EXERCISE DETAILS: Your copy should hold only the lines from the one containing "黄緑色の体に赤色の目が特徴的な可愛いカエルです。" through the final line of the entries, exactly as written, with no pictures.

[Dataset items]
****
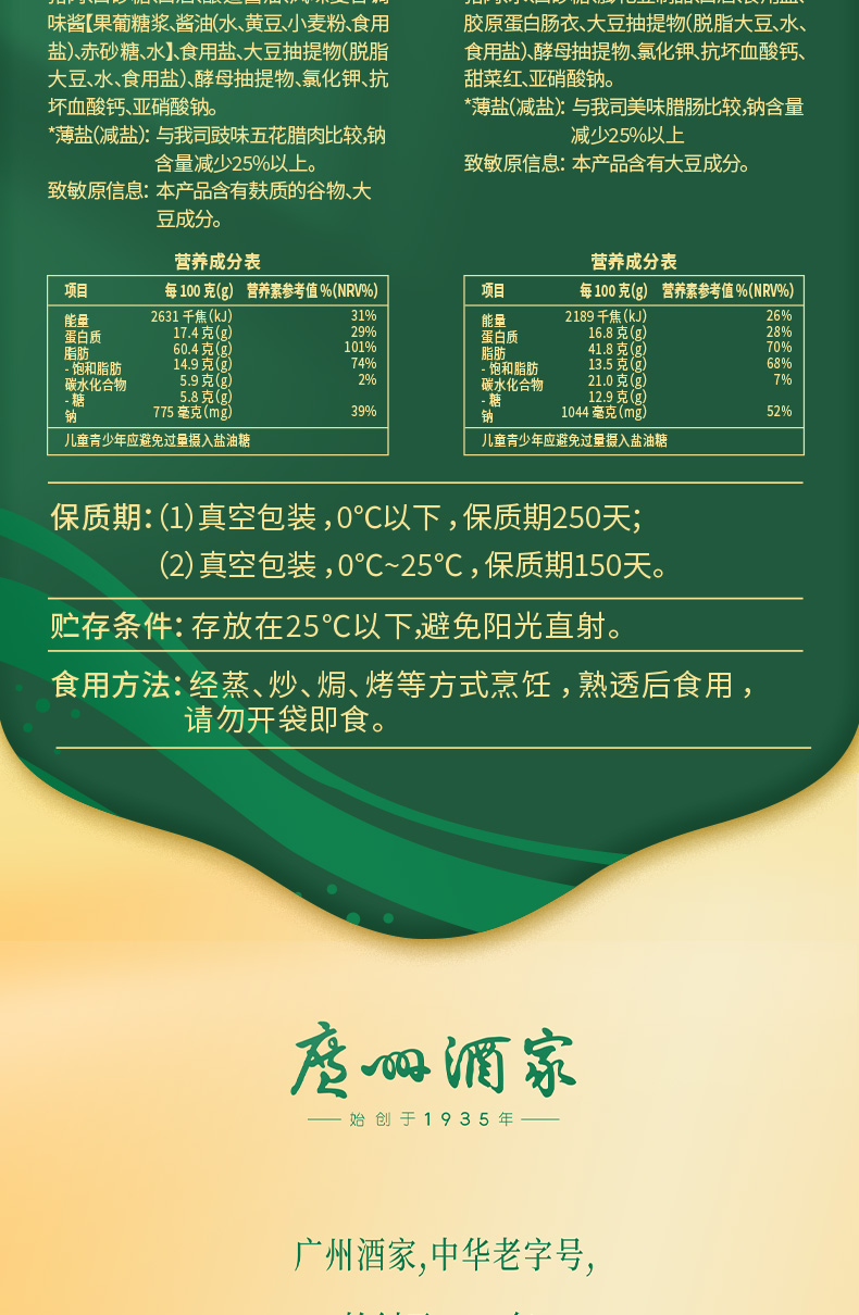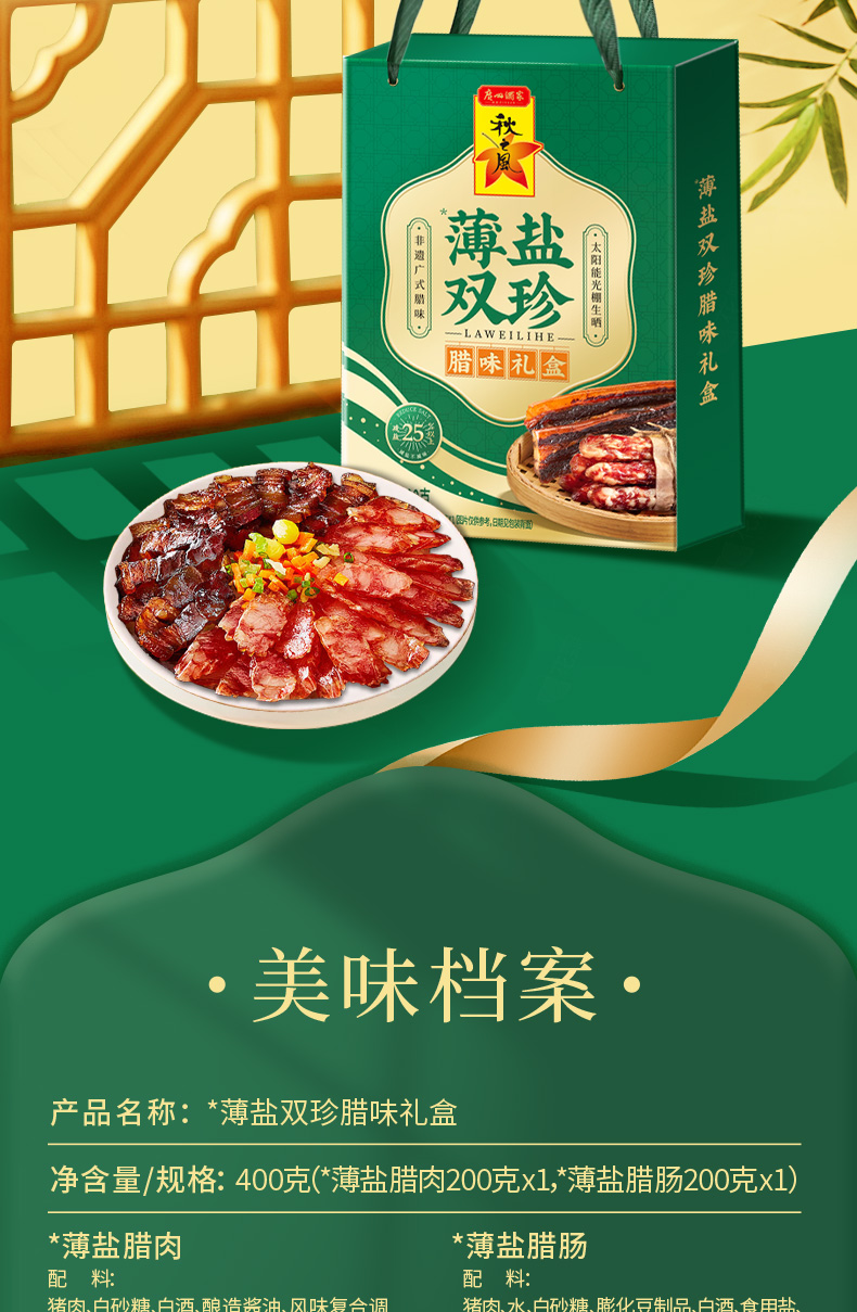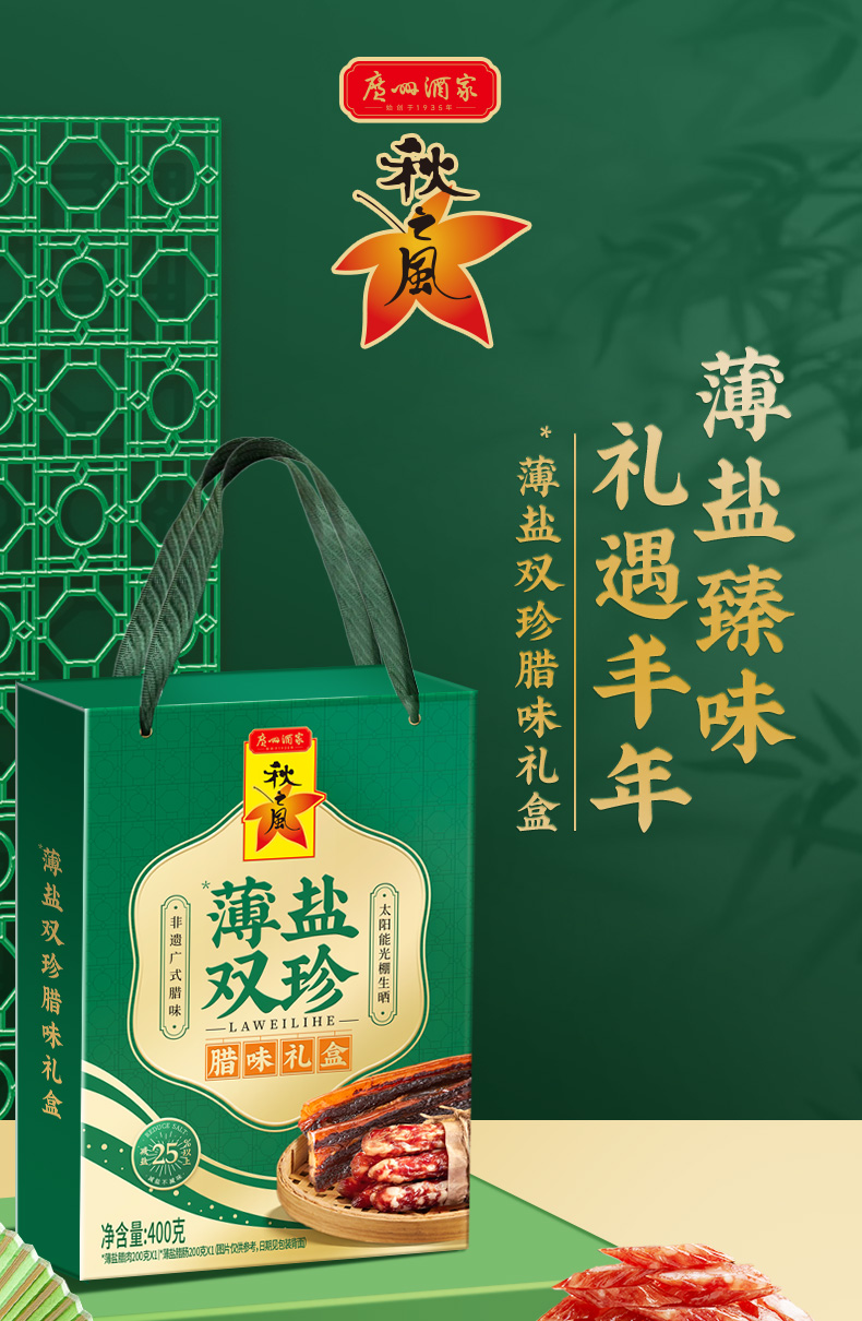 广州酒家 薄盐双珍腊味礼盒广式腊肠香肠广东腊肉煲仔饭特产送礼
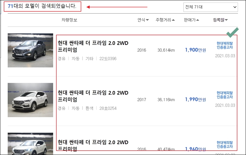 현대 싼타페 더 프라임을 선택한 결과 71개의 실매물이 검색이 되었어요. 표를 통해 간단하게 연료 타입, 기어, 차번호, 연식, 주행거리, 판매가, 등록일을 알아볼 수 있는데요. 아무래도 등록일이 최근에 가까운 중고차일수록 실매물일 가능성이 높아요.
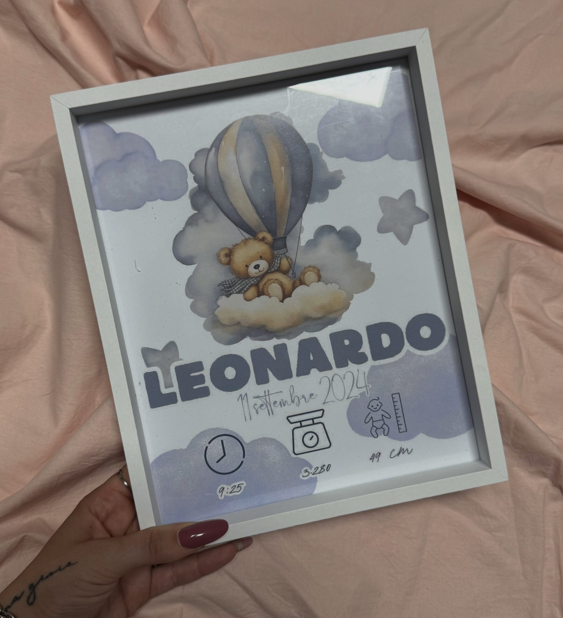 Desideri un ricordo della nascita del/la tuo/a bimbo/a ?? Quale idea migliore di un bellissimo quadretto nascita personalizzato. Personalizza grafica , colori , personaggi e caratteri e realizza il tuo quadretto nascita.
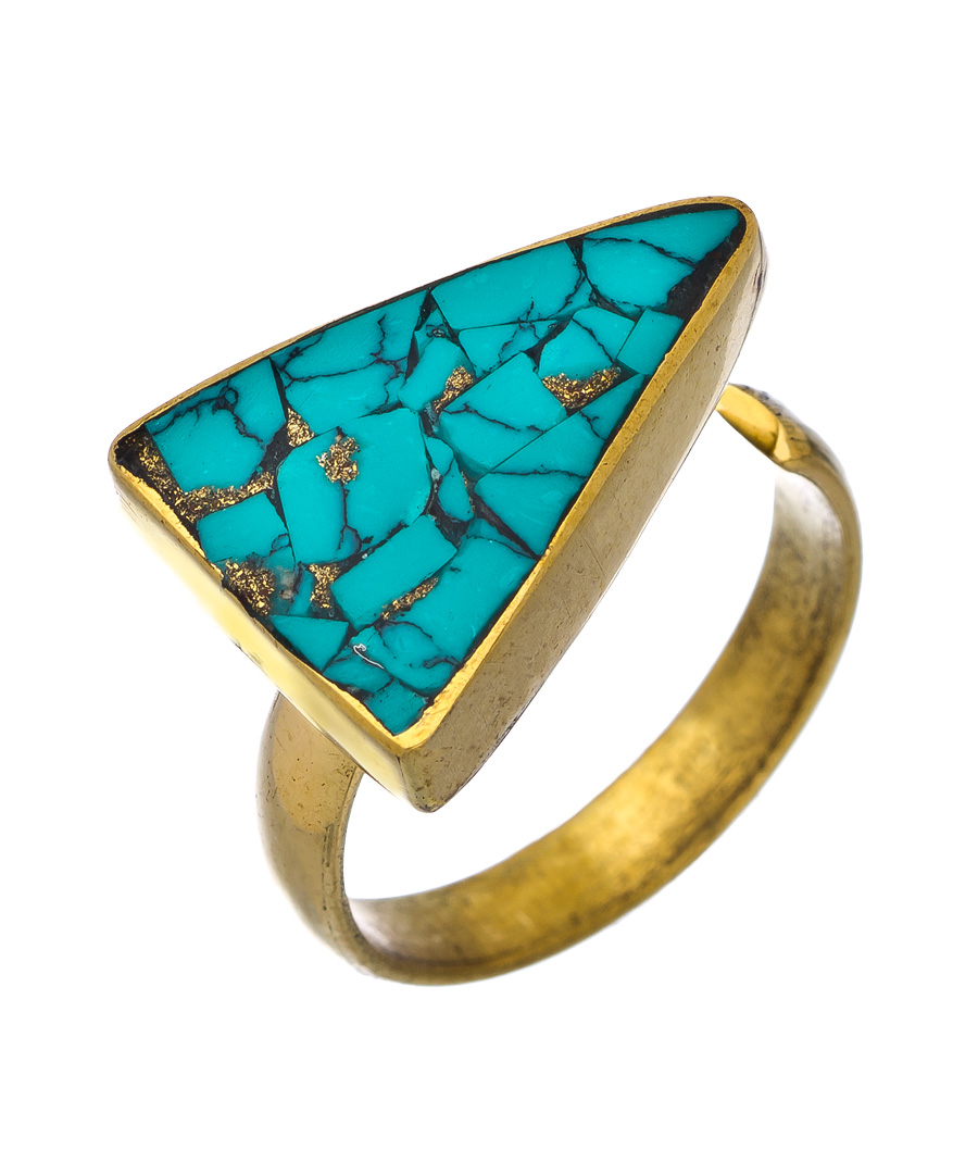 Score a win for Karen London - and you, when you wear this striking brass and turquoise desert moon ring. The mosaic stone is expertly inlaid in the brass setting - making for an excellent everyday finishing touch. Handmade in Nepal, this ring is a must-have.
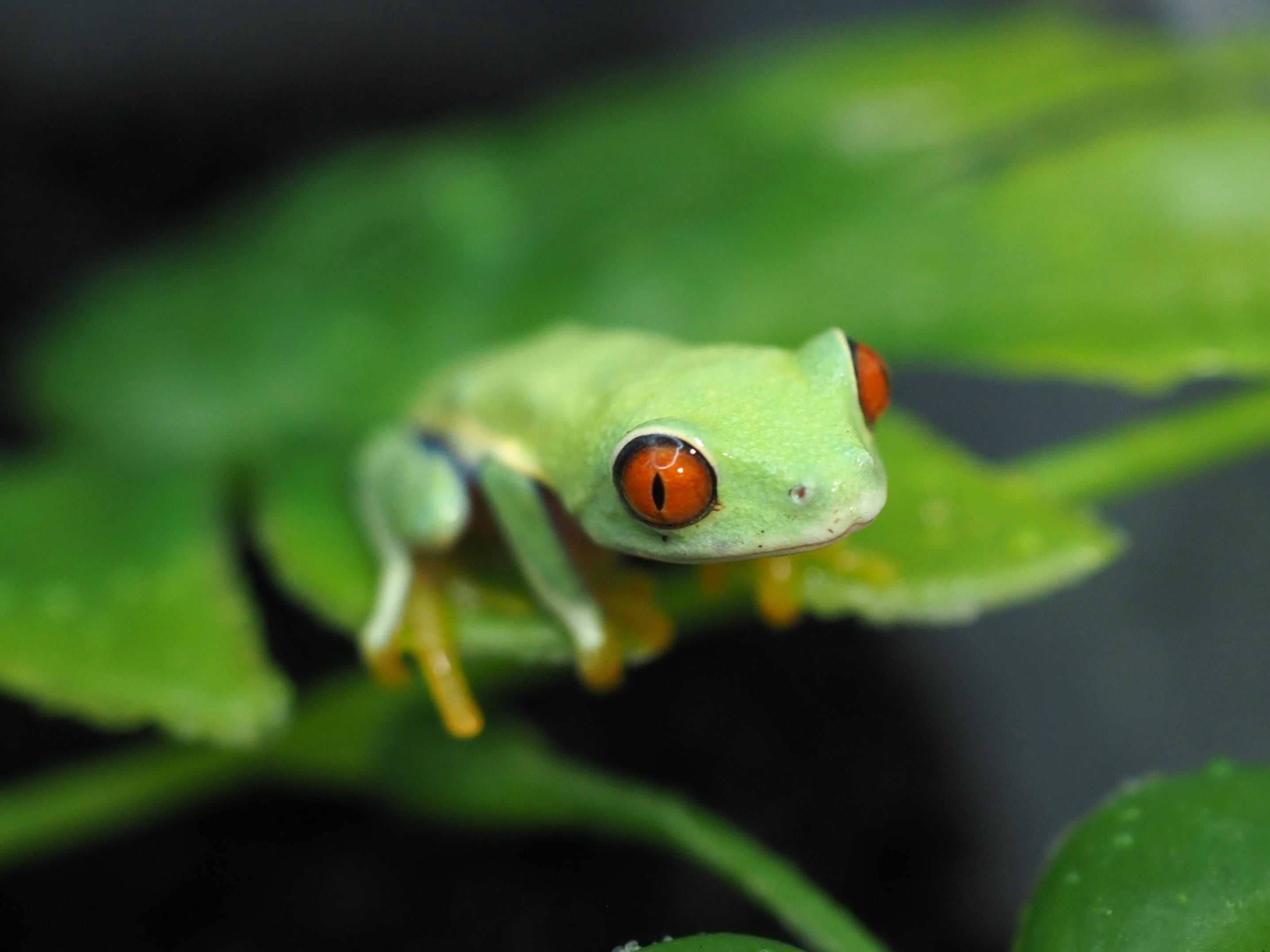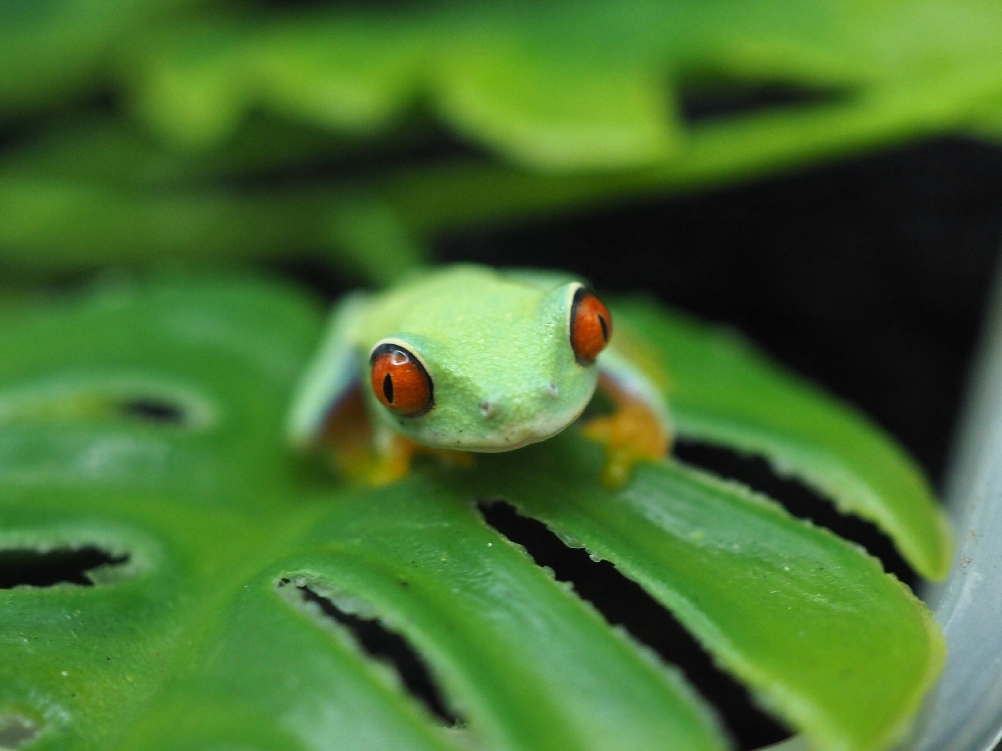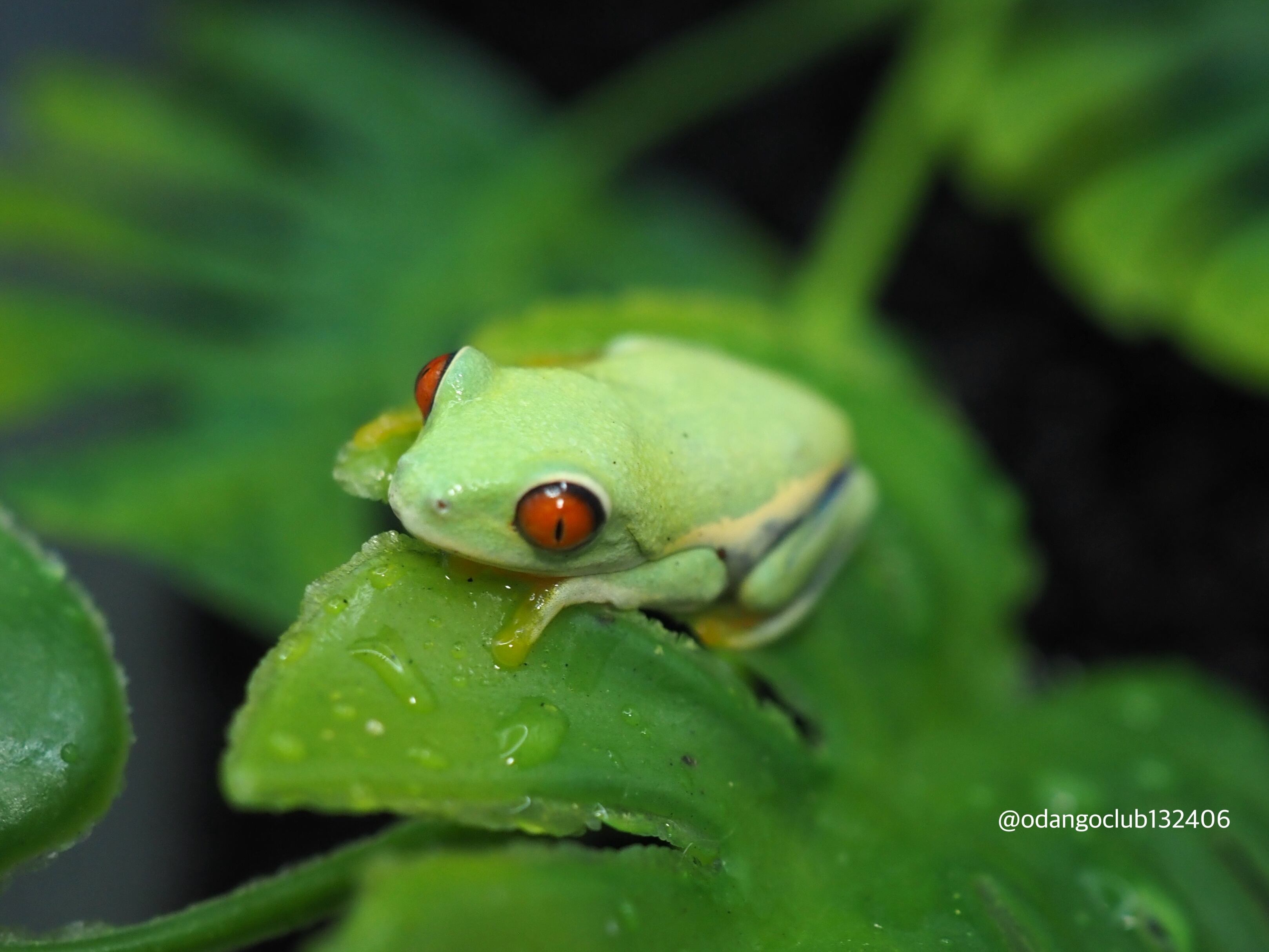 黄緑色の体に赤色の目が特徴的な可愛いカエルです。
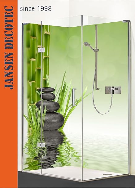 Paroi de douche d'angle - 2 segments - 90 x 200 cm - Motif : pierres zen et bambou - Découpe gratuite au format souhaité.: Amazon.fr: Bricolage
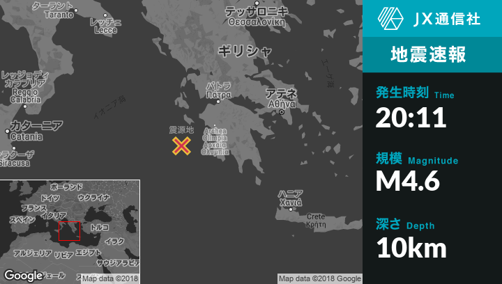 | 震源地 | ギリシャのLithakiaから南南西59kmの地点 |
****
RESPONSE FOR THIS EXERCISE:
 黄緑色の体に赤色の目が特徴的な可愛いカエルです。
 Paroi de douche d'angle - 2 segments - 90 x 200 cm - Motif : pierres zen et bambou - Découpe gratuite au format souhaité.: Amazon.fr: Bricolage
 | 震源地 | ギリシャのLithakiaから南南西59kmの地点 |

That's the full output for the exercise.